OpenAI has launched a significant upgrade to its background automation features by introducing a dedicated “Scheduled” page in the ChatGPT sidebar, giving ChatGPT scheduled tasks their own control hub.
The new dashboard transforms how users handle recurring automations and reminders, effectively shifting ChatGPT from a purely reactive chatbot into a proactive agent capable of running background workflows completely unattended.
1. What is the “Scheduled” Page Feature?
Previously, users had to dig deep into notification settings or click on individual chat logs to track background activities. The new rollout establishes a central control hub in the main sidebar.
From this single surface on the web or mobile app, users can:
- View a comprehensive list of all active background automations.
- See precisely when each automation is queued to run next.
- Seamlessly pause, resume, edit, or delete existing tasks without disrupting the original chat threads.
How to Set Up a Scheduled Task in ChatGPT
- Open the new Scheduled page from the ChatGPT sidebar on the web or mobile app.
- Create a task by describing the recurring prompt you want ChatGPT to run, such as a daily summary or a web-monitoring check.
- Set the timing, either a specific time or a broader window like “Every morning” or “Each afternoon.”
- Choose whether it is a standard recurring task or a “Monitoring” task that only alerts you when a meaningful change is detected.
- Manage it later from the same page, where you can pause, resume, edit, or delete the task without disrupting the original chat thread.
2. Flexible Timing and “Monitoring” Workflows
The update introduces much smarter scheduling logic and conditional execution rules:
- Vague Timing Windows: Instead of forcing a rigid time (e.g., exactly 7:30 AM), users can now command broader windows like “Every morning” or “Each afternoon,” allowing OpenAI to optimize backend processing server loads.
- Smart Web Monitoring: Instead of blindly running a prompt and repeating the same data, “Monitoring” tasks can scan the web or check connected tools (like Gmail or Google Calendar) and only trigger a push alert or email notification if a meaningful change is detected.
- The Retirement of ‘Pulse’: As part of this rollout, OpenAI is officially discontinuing Pulse—the daily proactive briefing tool. All asynchronous research, daily summaries, and memory-tracking automations are being fully consolidated into Scheduled Tasks.

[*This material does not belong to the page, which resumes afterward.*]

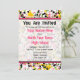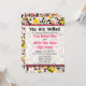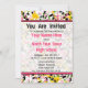 A unique graduation invitation featuring a black, yellow, green and pink paint splatter background with hot pink trim. Pink and black text. Personalise with details of your own event. Opposite side features solid paint splatter design. Text inside pink circle shaped frame reads "Class of 2011" in pink and black with an illustration of a black graduation cap. Great for the art school bound graduate. Look for matching items in the "graduation shop" section of The Pink Schoolhouse store.

3. Tier-Based Limits and Guardrails
Because running prompts in the background requires continuous server overhead, OpenAI has capped active automated tasks based on your subscription tier. This kind of always-on compute is part of OpenAI’s rising compute costs:
| Subscription Plan | Active Task Capacity |
| Go (Free Tier) | Up to 3 active tasks |
| Plus (Premium) | Up to 5 active tasks |
| Business / Edu | Up to 10 active tasks |
| Pro / Enterprise | Up to 15 active tasks |
Operational Rules to Keep in Mind:
- The Hourly Ceiling: Tasks are hard-capped and cannot execute more than once per hour, ruling out sub-hourly live tracking.
- The Inactivity Pause: If you ignore or leave automated task outputs unattended for an extended period, ChatGPT will automatically pause the task to preserve computing resources.
- Tool Exclusions: Background tasks cannot access files nested inside “Projects,” and they completely exclude Voice Chats, webhooks, or custom GPTs. Deleting a chat thread associated with a task will instantly pause its automation loop. Enterprise teams adopting these workflows include large customers like those in Samsung’s ChatGPT Enterprise rollout.
Frequently Asked Questions
How many scheduled tasks can free users create?
Free users on the Go tier can keep up to 3 active scheduled tasks. The Plus plan allows up to 5, Business and Edu allow up to 10, and Pro and Enterprise allow up to 15 active tasks. Across all tiers, a task cannot run more than once per hour.
What replaced ChatGPT Pulse?
The new Scheduled Tasks feature replaced Pulse, OpenAI’s daily proactive briefing tool. As part of this rollout, OpenAI discontinued Pulse and consolidated all asynchronous research, daily summaries, and memory-tracking automations into the Scheduled page.
How do ChatGPT scheduled tasks work?
You create a task from the Scheduled page by describing a recurring prompt and choosing either a fixed time or a flexible window like “Every morning,” then pick a standard recurring task or a Monitoring task. ChatGPT then runs that prompt unattended in the background—up to once per hour—and a Monitoring task only sends an alert when it detects a meaningful change.
What can you do with ChatGPT scheduled tasks?
Common use cases include daily summaries and briefings, recurring reminders, and web-monitoring checks that watch a page or a connected tool such as Gmail or Google Calendar and notify you only when something changes. Background tasks cannot access files inside “Projects” and exclude Voice Chats, webhooks, and custom GPTs.